(Given entries begins)

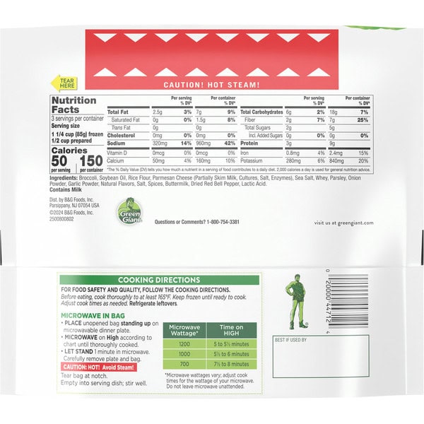 Green Giant Simply Steam Tuscan Seasoned Broccoli delivers the great-tasting steamed vegetables you and your family want to live a balanced lifestyle. A flavorful addition to lunch or dinner, each bag contains steamed broccoli with parmesan cheese and Tuscan-inspired seasoning. Made with no artificial flavors or preservatives, Green Giant frozen vegetables make it easier to get your daily serving of veggies. This frozen broccoli provides 50 calories per serving, and is available in a convenient microwave-safe bag for easy preparation. To enjoy this Tuscan broccoli, microwave it in the bag on high for 5 to 8 minutes depending on your microwave wattage, and let it stand for 1 minute before serving. Keep Green Giant Simply Steam Tuscan Seasoned Broccoli frozen until you are ready to cook and refrigerate any leftovers. Green Giant works hard to make it easy for you to be good to yourself.
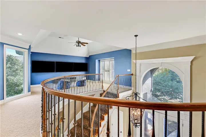 Prepare to be amazed when you step inside this breathtaking home on a golf course lot! This Fred Riley built home features 5 Bedrooms 4.1 baths, a grand front staircase, as well as a convenient back staircase, enhancing the flow of the open floor plan. The Restoration Hardware-inspired dining room and gourmet kitchen make this home perfect for entertaining. Off the kitchen, you'll find a beautiful lanai complete with a fireplace, TV, and outdoor dining space, perfect for relaxing or hosting gatherings.\r\n
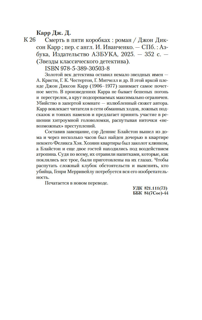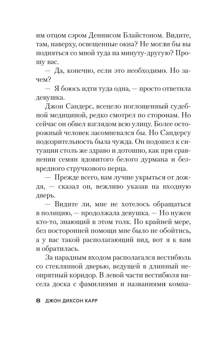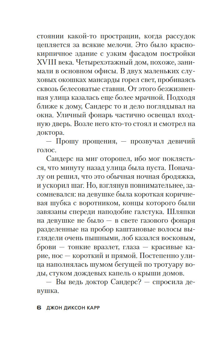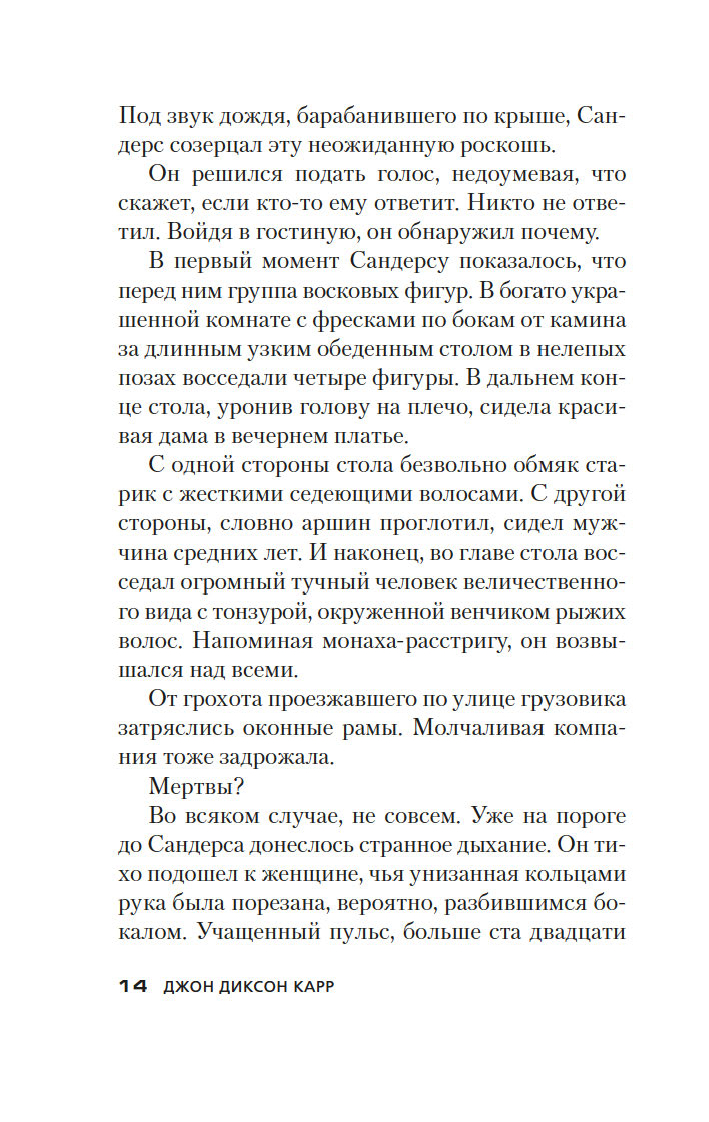 Золотой век детектива оставил немало звездных имен – А. Кристи, Г. К. Честертон, Г. Митчелл и др. В этой яркой плеяде Джон Диксон Карр (1906–1977) занимает самое почетное место. В произведениях Карра не бывает бешеных погонь и перестрелок, а круг подозреваемых максимально ограничен. Убийство в запертой комнате – излюбленный сюжет автора. Карр вовлекает читателя в сети обманных ходов, ложных подсказок и тонких намеков и предлагает принять участие в решении хитроумной головоломки, распутывая ниточки «невозможных» преступлений.
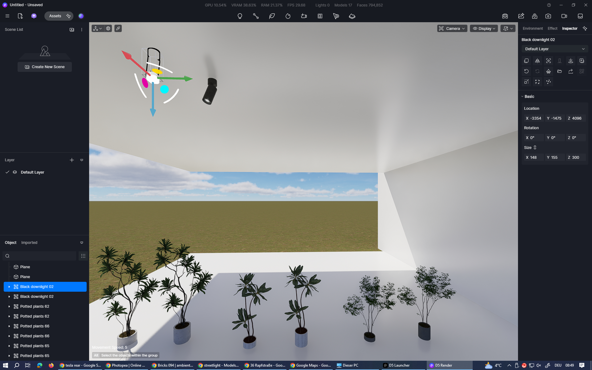 there is also an example for the downlights. left one you can’t see, because it’s IN the ceiling when the asset is placed in the scene (because pivot point is on the bottom of the object). i did not check every object in the downlights folder, but it seems that almost every downlight has the pivot point on the bottom. so, when placing downlights you have to manually move every light down.
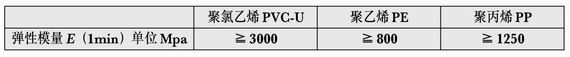 應(yīng)用于埋地排水管的熱塑性塑料有聚氯乙烯、聚乙烯和聚丙烯三大種類。三種材料的彈性模量E(根據(jù)prEN13476-1)分別為:
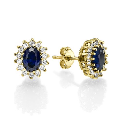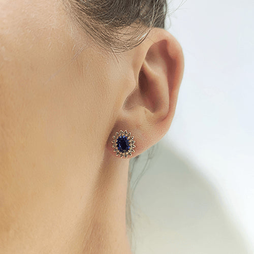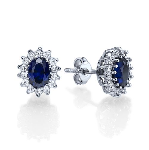 עגילי דיאנה זהב לבן צמודים עם ספירים טבעיות בחיתוך אובלי ויהלומים
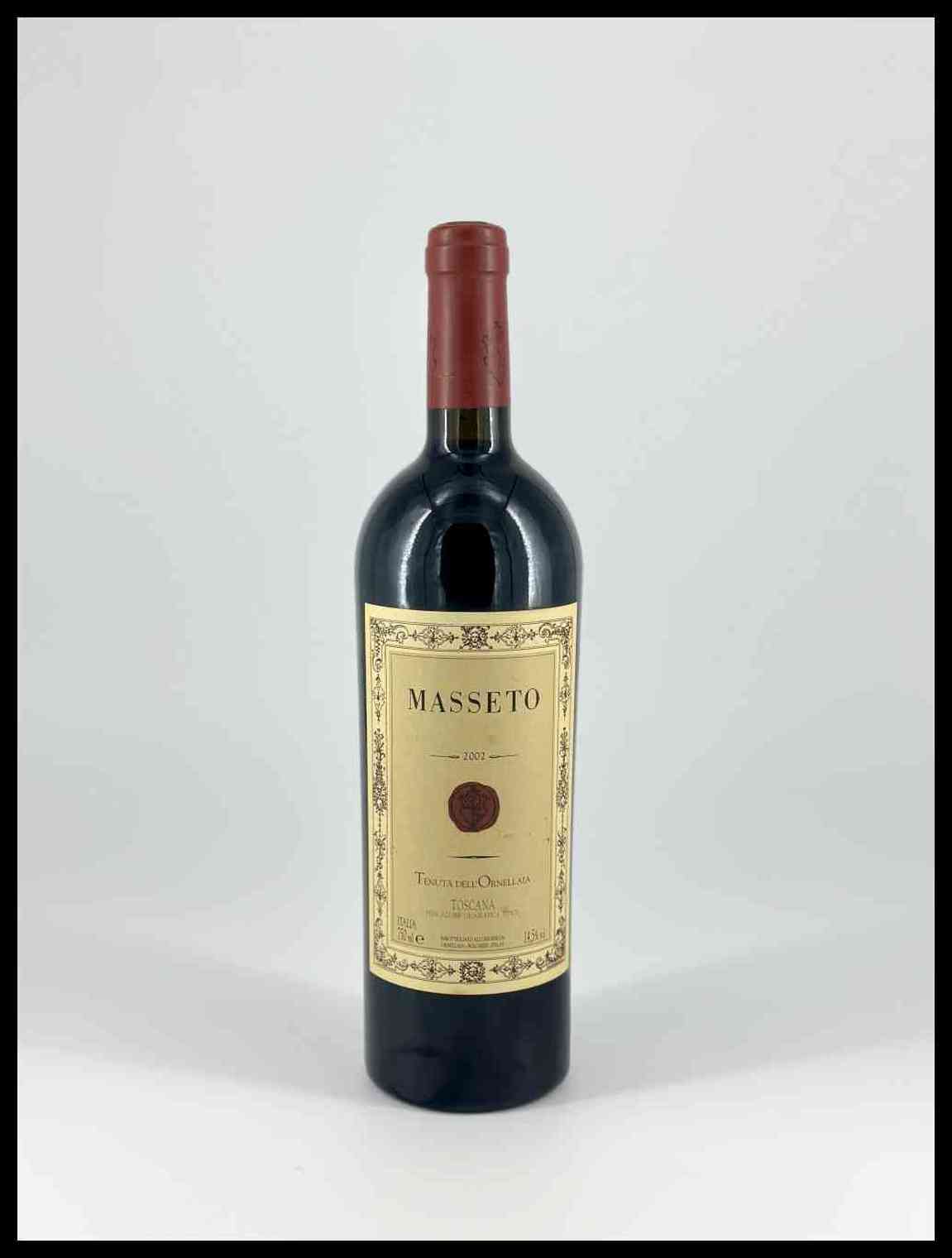 Tenuta dell'Ornellaia, Masseto Toscana, Masseto IGT - 1 bottiglia (bt), annata 2002.Livello: collo inferiore (BN), nella norma per i vini di qualsiasi età.Condition report: etichetta leggermente macchiata e capsula in perfette condizioni.
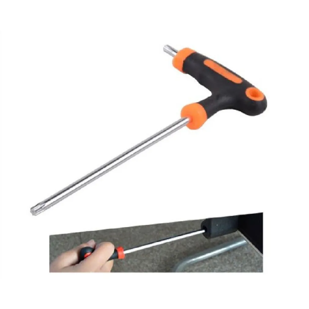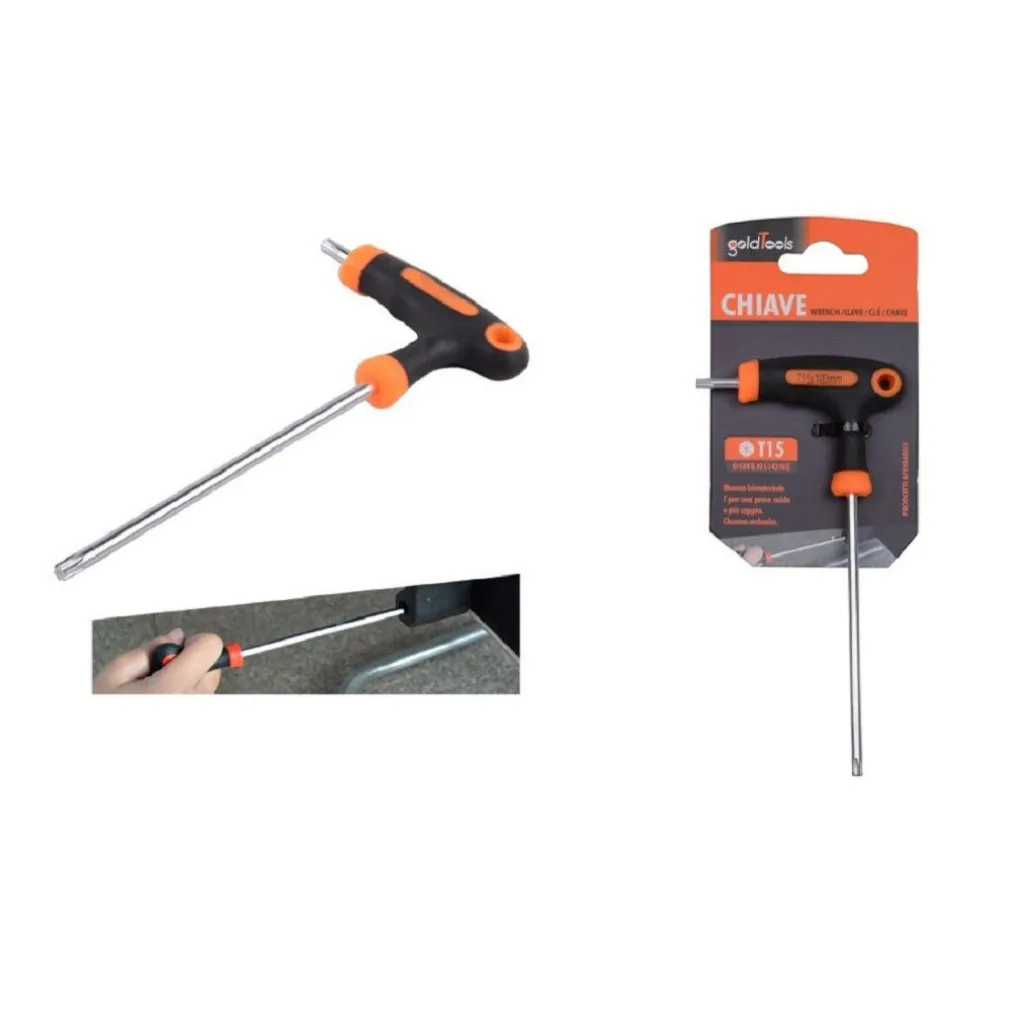 Chiave con impugnatura di manovra. Realizzate in acciaio cromo vanadio queste brugole sono perfette anche per i professionisti che necessitano di una qualità elevata. L’accurato proporzionamento dell’impugnatura ergonomica, in funzione della dimensione della chiave, garantisce serraggi elevati anche in spazi ristretti. Chiavi a T con punta a stella e impugnatura ergonomica.
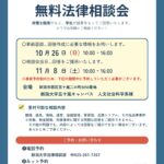 - [2025年度]秋季無料法律相談会のお知らせ平素より格別のご支援を賜り、誠にありがとうございます。このたび、法律相談部では地域貢献活動の一環として「秋季無… 続きを読む: [2025年度]秋季無料法律相談会のお知らせ
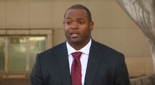 “Attorneys for NFL linebacker Dwight Freeney (pictured) announced the filing of the lawsuit against Bank of America in downtown L.A. (CBS)”
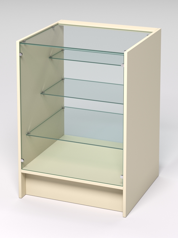 Изделие оснащено внутри тремя полками, где можно разместить товар для демонстрации. Полки из стекла.
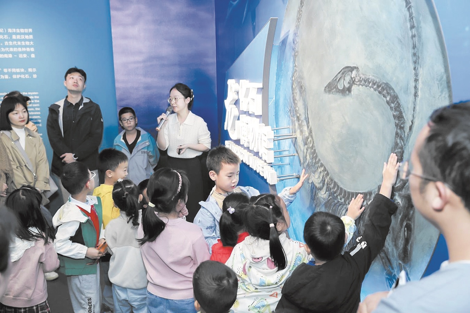 “以前只在書上看到過陸地上的恐龍,今天親眼看到了這么多海底的魚龍,真的太震撼了。”在中國地質調查局武漢地質調查中心海龍化石博物館,水果湖一小四年級學生趙鵬皓一邊聆聽講解員的介紹,一邊觀察著各種化石,忍不住發出驚嘆。
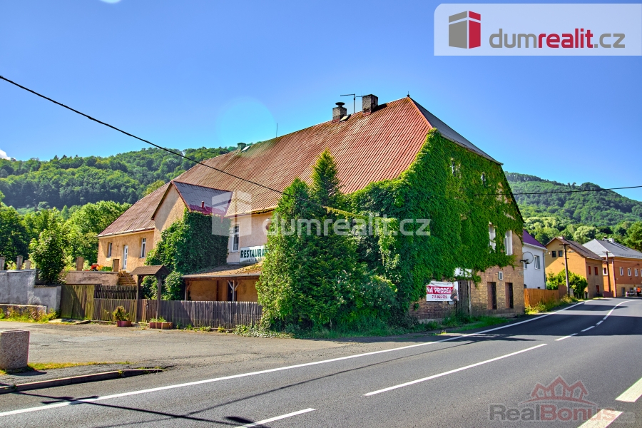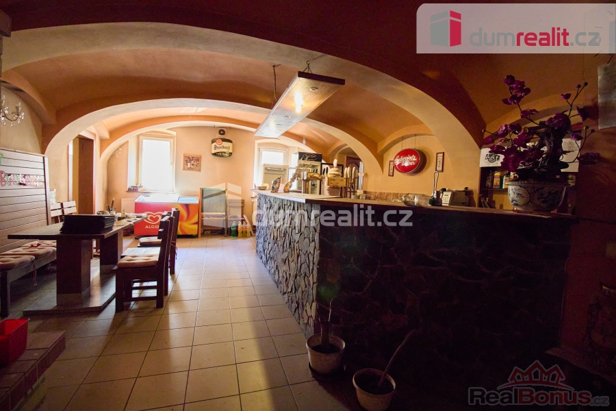 Cena vč. právních služeb a provize RK, Dumrealit.cz Vám zprostředkuje prodej rodinného domu ve Stráži nad Ohří nedaleko Ostrova u Karlových Varů s možností využití jako komerční objekt. Jedná se o rodinný dům s restaurací, kavárnou, barem, prodejnou potravin a s vlastní zahradou a parkovištěm. Objekt má rozsáhlý pozemek o celkové rozloze 1.361 m. Budova je dvoupodlažní, kdy v přízemí se nachází: restaurace s krbem (60 míst), venkovní terasa (40 míst), bar, kavárna, WC, kuchyně s veškerým gastro vybavením, sklad a prodejna potravin. V 1. patře se nachází: koupelna vč. sprchového koutu, koupelna vč. vany, WC, 7 pokojů, velký sál (dříve kulturní akce, plesy atd.) a vstup na půdu. Půdní prostor je velice prostorný s možností vybudování bytových jednotek. Místy je půdní prostor dvoupodlažní. Dům má plastová okna, rozvody elektřiny, rozvody topení vč. radiátorů, omítky vč. štuků, dlažby (chodby, schodiště, komerční prostory), plovoucí podlahy (místnosti) a interiérové dveře. Dům je z 1/2 podsklepený. Vytápění domu je zajištěno plynovým kotlem a ohřev vody je zajištěn elektrickým bojlerem. U domu je garáž a celý objekt vč. zahrady je oplocen. Součástí je vyasfaltované parkoviště 558 m. V nedávné době objekt sloužil jako zavedená restaurace vč. stálé klienteli, prodejna potravin, v letních měsících kemp pro vodáky a zázemí pro cyklisty. Objekt je vhodný k provozování restaurace, kavárny, baru, prodejny potravin nebo k vybudování penzionu nebo k přestavbě na bytové jednotky. Tuto nemovitost lze hradit hypotečním úvěrem, který Vám rádi pomůžeme vyřídit v našem hypotečním centru. Vzhledem k tomu, že před zadáním do inzerce nebyl vyhotoven PENB, je tento objekt v souladu s platným zákonem zařazen do energetické třídy G. Ev. číslo: 638941. Energetický štítek: G
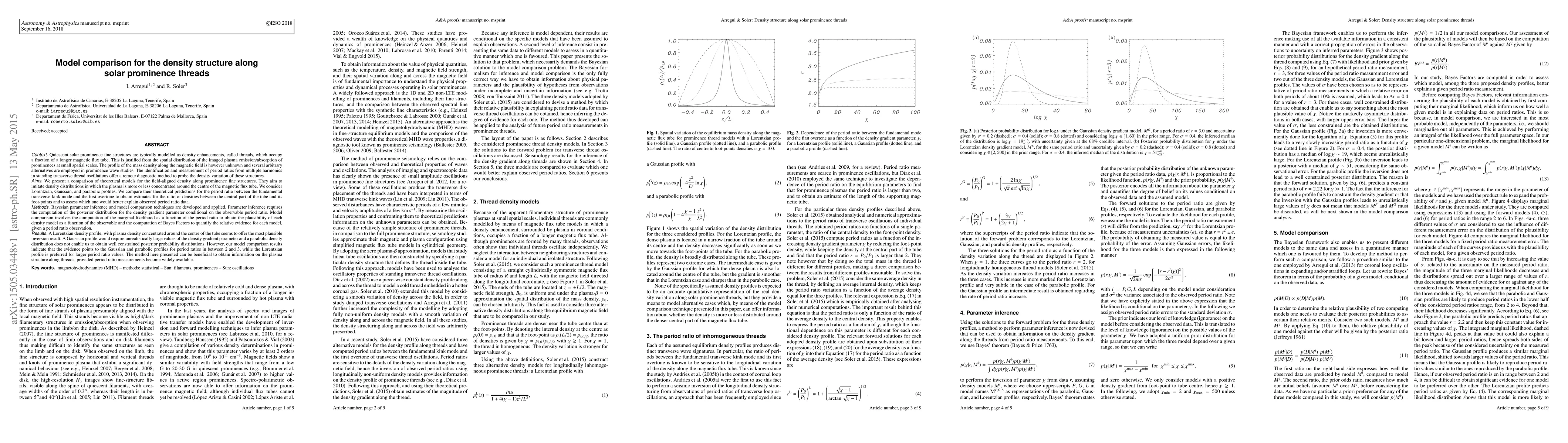 This paper compares Lorentzian, Gaussian, and parabolic density profiles for solar prominence threads, using Bayesian inference and model comparison techniques to determine which model best explains observed period ratios. The Lorentzian profile, indicating higher central density, is most plausible overall, though Gaussian and parabolic profiles show better fit for intermediate period ratios.

(Given entries ends)

__Work request__. Without including any picture, repeat the data exactly.

__Completed exercise__.
 Green Giant Simply Steam Tuscan Seasoned Broccoli delivers the great-tasting steamed vegetables you and your family want to live a balanced lifestyle. A flavorful addition to lunch or dinner, each bag contains steamed broccoli with parmesan cheese and Tuscan-inspired seasoning. Made with no artificial flavors or preservatives, Green Giant frozen vegetables make it easier to get your daily serving of veggies. This frozen broccoli provides 50 calories per serving, and is available in a convenient microwave-safe bag for easy preparation. To enjoy this Tuscan broccoli, microwave it in the bag on high for 5 to 8 minutes depending on your microwave wattage, and let it stand for 1 minute before serving. Keep Green Giant Simply Steam Tuscan Seasoned Broccoli frozen until you are ready to cook and refrigerate any leftovers. Green Giant works hard to make it easy for you to be good to yourself.
 Prepare to be amazed when you step inside this breathtaking home on a golf course lot! This Fred Riley built home features 5 Bedrooms 4.1 baths, a grand front staircase, as well as a convenient back staircase, enhancing the flow of the open floor plan. The Restoration Hardware-inspired dining room and gourmet kitchen make this home perfect for entertaining. Off the kitchen, you'll find a beautiful lanai complete with a fireplace, TV, and outdoor dining space, perfect for relaxing or hosting gatherings.\r\n
 Золотой век детектива оставил немало звездных имен – А. Кристи, Г. К. Честертон, Г. Митчелл и др. В этой яркой плеяде Джон Диксон Карр (1906–1977) занимает самое почетное место. В произведениях Карра не бывает бешеных погонь и перестрелок, а круг подозреваемых максимально ограничен. Убийство в запертой комнате – излюбленный сюжет автора. Карр вовлекает читателя в сети обманных ходов, ложных подсказок и тонких намеков и предлагает принять участие в решении хитроумной головоломки, распутывая ниточки «невозможных» преступлений.
 there is also an example for the downlights. left one you can’t see, because it’s IN the ceiling when the asset is placed in the scene (because pivot point is on the bottom of the object). i did not check every object in the downlights folder, but it seems that almost every downlight has the pivot point on the bottom. so, when placing downlights you have to manually move every light down.
 應(yīng)用于埋地排水管的熱塑性塑料有聚氯乙烯、聚乙烯和聚丙烯三大種類。三種材料的彈性模量E(根據(jù)prEN13476-1)分別為:
 עגילי דיאנה זהב לבן צמודים עם ספירים טבעיות בחיתוך אובלי ויהלומים
 Tenuta dell'Ornellaia, Masseto Toscana, Masseto IGT - 1 bottiglia (bt), annata 2002.Livello: collo inferiore (BN), nella norma per i vini di qualsiasi età.Condition report: etichetta leggermente macchiata e capsula in perfette condizioni.
 Chiave con impugnatura di manovra. Realizzate in acciaio cromo vanadio queste brugole sono perfette anche per i professionisti che necessitano di una qualità elevata. L’accurato proporzionamento dell’impugnatura ergonomica, in funzione della dimensione della chiave, garantisce serraggi elevati anche in spazi ristretti. Chiavi a T con punta a stella e impugnatura ergonomica.
 - [2025年度]秋季無料法律相談会のお知らせ平素より格別のご支援を賜り、誠にありがとうございます。このたび、法律相談部では地域貢献活動の一環として「秋季無… 続きを読む: [2025年度]秋季無料法律相談会のお知らせ
 “Attorneys for NFL linebacker Dwight Freeney (pictured) announced the filing of the lawsuit against Bank of America in downtown L.A. (CBS)”
 Изделие оснащено внутри тремя полками, где можно разместить товар для демонстрации. Полки из стекла.
 “以前只在書上看到過陸地上的恐龍,今天親眼看到了這么多海底的魚龍,真的太震撼了。”在中國地質調查局武漢地質調查中心海龍化石博物館,水果湖一小四年級學生趙鵬皓一邊聆聽講解員的介紹,一邊觀察著各種化石,忍不住發出驚嘆。
 Cena vč. právních služeb a provize RK, Dumrealit.cz Vám zprostředkuje prodej rodinného domu ve Stráži nad Ohří nedaleko Ostrova u Karlových Varů s možností využití jako komerční objekt. Jedná se o rodinný dům s restaurací, kavárnou, barem, prodejnou potravin a s vlastní zahradou a parkovištěm. Objekt má rozsáhlý pozemek o celkové rozloze 1.361 m. Budova je dvoupodlažní, kdy v přízemí se nachází: restaurace s krbem (60 míst), venkovní terasa (40 míst), bar, kavárna, WC, kuchyně s veškerým gastro vybavením, sklad a prodejna potravin. V 1. patře se nachází: koupelna vč. sprchového koutu, koupelna vč. vany, WC, 7 pokojů, velký sál (dříve kulturní akce, plesy atd.) a vstup na půdu. Půdní prostor je velice prostorný s možností vybudování bytových jednotek. Místy je půdní prostor dvoupodlažní. Dům má plastová okna, rozvody elektřiny, rozvody topení vč. radiátorů, omítky vč. štuků, dlažby (chodby, schodiště, komerční prostory), plovoucí podlahy (místnosti) a interiérové dveře. Dům je z 1/2 podsklepený. Vytápění domu je zajištěno plynovým kotlem a ohřev vody je zajištěn elektrickým bojlerem. U domu je garáž a celý objekt vč. zahrady je oplocen. Součástí je vyasfaltované parkoviště 558 m. V nedávné době objekt sloužil jako zavedená restaurace vč. stálé klienteli, prodejna potravin, v letních měsících kemp pro vodáky a zázemí pro cyklisty. Objekt je vhodný k provozování restaurace, kavárny, baru, prodejny potravin nebo k vybudování penzionu nebo k přestavbě na bytové jednotky. Tuto nemovitost lze hradit hypotečním úvěrem, který Vám rádi pomůžeme vyřídit v našem hypotečním centru. Vzhledem k tomu, že před zadáním do inzerce nebyl vyhotoven PENB, je tento objekt v souladu s platným zákonem zařazen do energetické třídy G. Ev. číslo: 638941. Energetický štítek: G
 This paper compares Lorentzian, Gaussian, and parabolic density profiles for solar prominence threads, using Bayesian inference and model comparison techniques to determine which model best explains observed period ratios. The Lorentzian profile, indicating higher central density, is most plausible overall, though Gaussian and parabolic profiles show better fit for intermediate period ratios.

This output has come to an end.